The Letter/Neon Rainbow is the debut album by American blue-eyed soul band the Box Tops, released in 1967. Following "The Letter" reaching number one on the singles charts, The Letter/Neon Rainbow was quickly assembled for a follow up. The album peaked at number 87 on the Billboard Pop Albums chart in 1968.

History
Most of the backing tracks were performed by session musicians; however the original group played the hit "The Letter". The session musicians likely consisted of  Reggie Young and Bobby Womack (guitars), Tommy Cogbill (bass), Bobby Emmons (piano, organ), and Gene Chrisman (drums).

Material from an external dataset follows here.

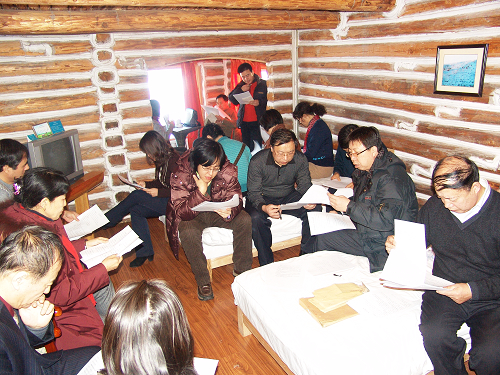 内蒙古牙克石市位于齐齐哈尔市的西北方向,距离大约400公里。1月15日,经过六小时的行程,beats365工作人员于下午14时抵达该市。为了保密,工作人员住在距离市区三十多公里的凤凰山滑雪场别墅区。别墅区的房子全部是由木头搭建的,虽然暖气已经烧的很热,但却仍有丝丝凉气从木头缝中渗进屋内。寒冷的温度挡不住大家的工作热情,稍事休息之后,人事处处长徐群马上召开了组长会议,与牙克石市的工作人员共同研究第二天面试的有关工作。牙克石市的考录部门虽然给出了面试的要求,但并没有指定面试的题目,因此,第二天面试所用的试题要全部由我们学校派遣的这些教师来确定。这是一项时间紧,任务重,责任大的工作,经过讨论,大家一致认为,既然牙克石市信任我们,把这么重要的事情委托给我们来做,我们一定要谨慎细致,把考录面试工作圆满完成,为牙克石市负责,为齐大争光!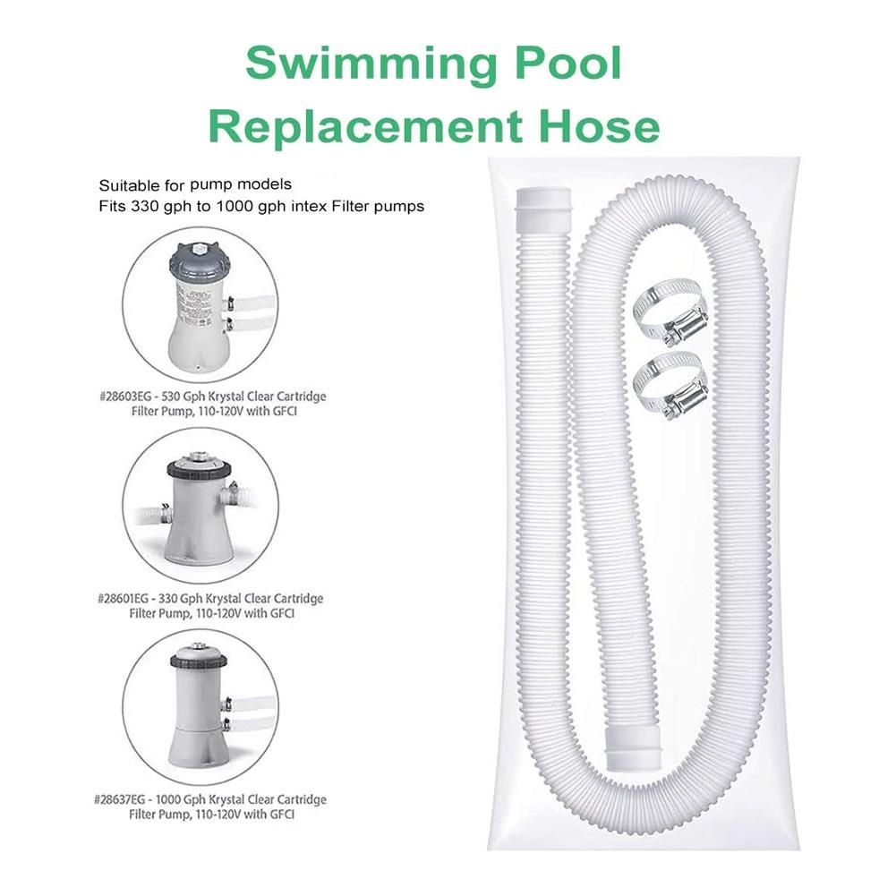 Compatible Pump Models: Pool Pump Hoses are compatible with all filter pumps 330 GPH, 530 GPH and 1,000 GPH, Intex Krystal Clear Cartridge Pump Filters and saline systems such as Intex 607, 637 Filter Pumps. Swimming pool hose with 1.25 inch ID.

Although lead singer Alex Chilton (16 at the time) had already written a number of songs, none were included on the Box Tops' debut LP, perhaps due to his relative inexperience with songwriting. Chilton later had a significant songwriting role in the cult power pop band Big Star, and after the dissolution of the group continued to develop his career as a solo artist.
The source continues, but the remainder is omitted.